* _Work order_
Retype the data below exactly, skipping pictures.

* _Collected material_
┄┄┄┄┄┄┄┄┄┄
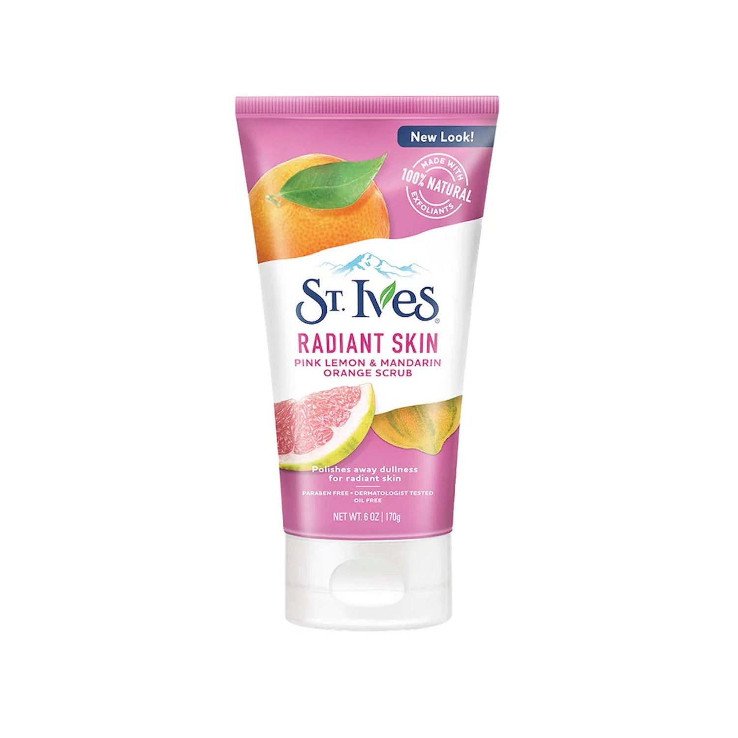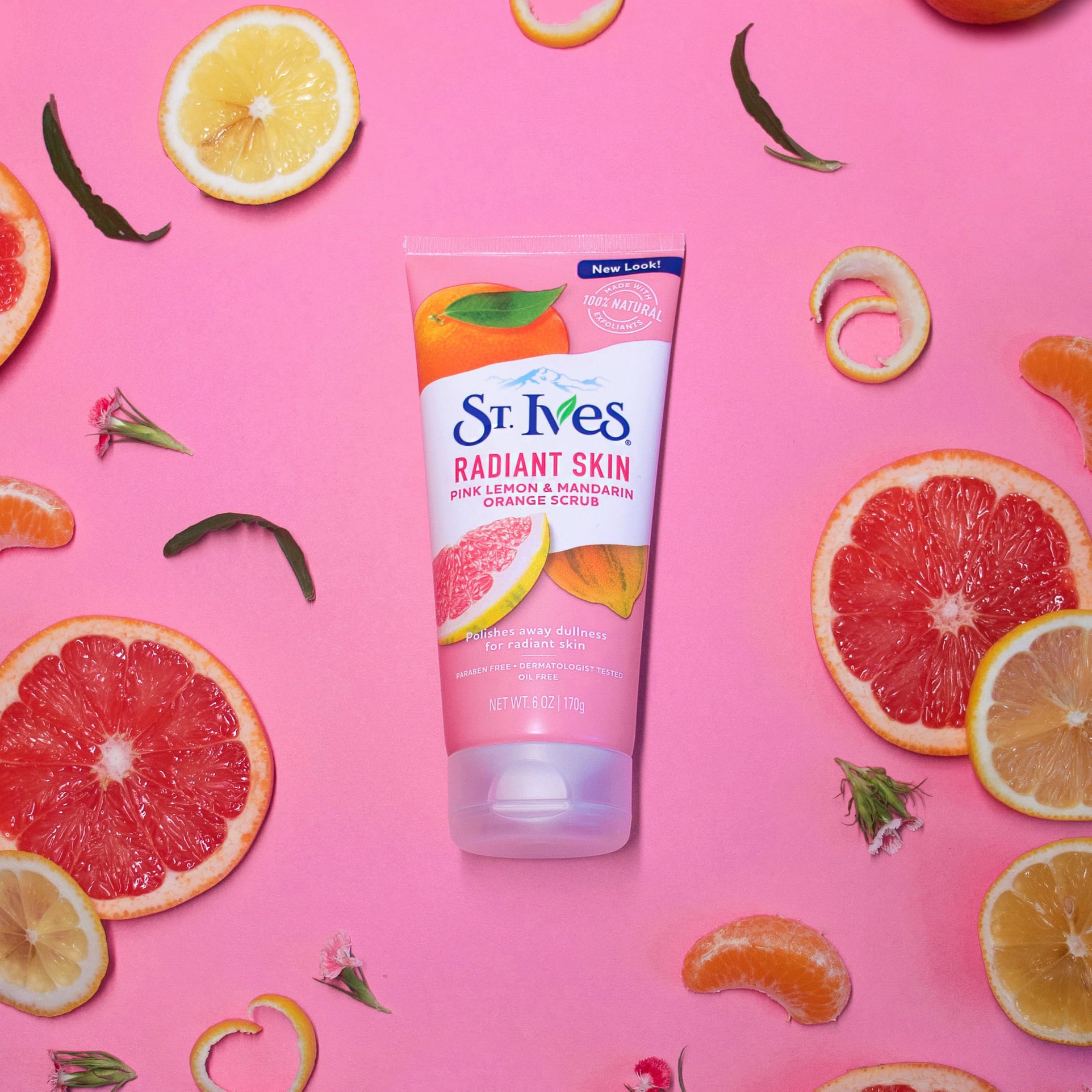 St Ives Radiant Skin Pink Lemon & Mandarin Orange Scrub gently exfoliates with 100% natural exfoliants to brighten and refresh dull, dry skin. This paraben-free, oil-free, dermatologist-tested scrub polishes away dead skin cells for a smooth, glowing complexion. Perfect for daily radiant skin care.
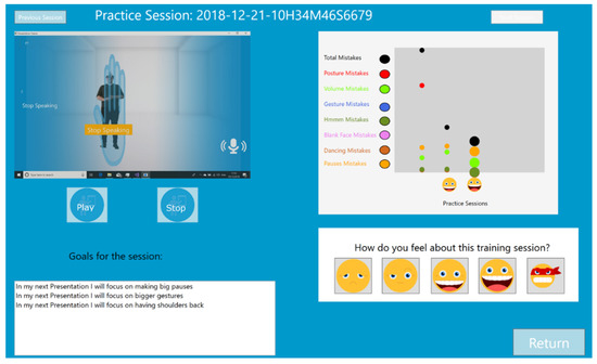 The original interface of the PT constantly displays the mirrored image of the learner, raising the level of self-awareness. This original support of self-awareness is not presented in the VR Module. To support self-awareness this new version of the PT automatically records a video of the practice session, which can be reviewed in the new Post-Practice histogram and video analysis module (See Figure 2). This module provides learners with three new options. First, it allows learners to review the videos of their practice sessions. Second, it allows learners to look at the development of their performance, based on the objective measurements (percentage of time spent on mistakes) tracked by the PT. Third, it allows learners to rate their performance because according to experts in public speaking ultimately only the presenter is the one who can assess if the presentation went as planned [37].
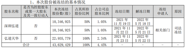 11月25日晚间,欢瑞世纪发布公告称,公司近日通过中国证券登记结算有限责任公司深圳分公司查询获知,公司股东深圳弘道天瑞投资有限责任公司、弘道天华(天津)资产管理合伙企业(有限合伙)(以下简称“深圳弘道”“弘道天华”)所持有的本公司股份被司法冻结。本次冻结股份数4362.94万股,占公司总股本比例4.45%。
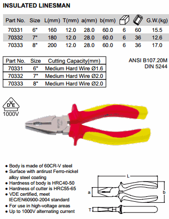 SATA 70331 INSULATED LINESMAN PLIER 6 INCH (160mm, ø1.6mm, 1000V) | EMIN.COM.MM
┄┄┄┄┄┄┄┄┄┄
* _Exercise output_
 St Ives Radiant Skin Pink Lemon & Mandarin Orange Scrub gently exfoliates with 100% natural exfoliants to brighten and refresh dull, dry skin. This paraben-free, oil-free, dermatologist-tested scrub polishes away dead skin cells for a smooth, glowing complexion. Perfect for daily radiant skin care.
 The original interface of the PT constantly displays the mirrored image of the learner, raising the level of self-awareness. This original support of self-awareness is not presented in the VR Module. To support self-awareness this new version of the PT automatically records a video of the practice session, which can be reviewed in the new Post-Practice histogram and video analysis module (See Figure 2). This module provides learners with three new options. First, it allows learners to review the videos of their practice sessions. Second, it allows learners to look at the development of their performance, based on the objective measurements (percentage of time spent on mistakes) tracked by the PT. Third, it allows learners to rate their performance because according to experts in public speaking ultimately only the presenter is the one who can assess if the presentation went as planned [37].
 11月25日晚间,欢瑞世纪发布公告称,公司近日通过中国证券登记结算有限责任公司深圳分公司查询获知,公司股东深圳弘道天瑞投资有限责任公司、弘道天华(天津)资产管理合伙企业(有限合伙)(以下简称“深圳弘道”“弘道天华”)所持有的本公司股份被司法冻结。本次冻结股份数4362.94万股,占公司总股本比例4.45%。
 SATA 70331 INSULATED LINESMAN PLIER 6 INCH (160mm, ø1.6mm, 1000V) | EMIN.COM.MM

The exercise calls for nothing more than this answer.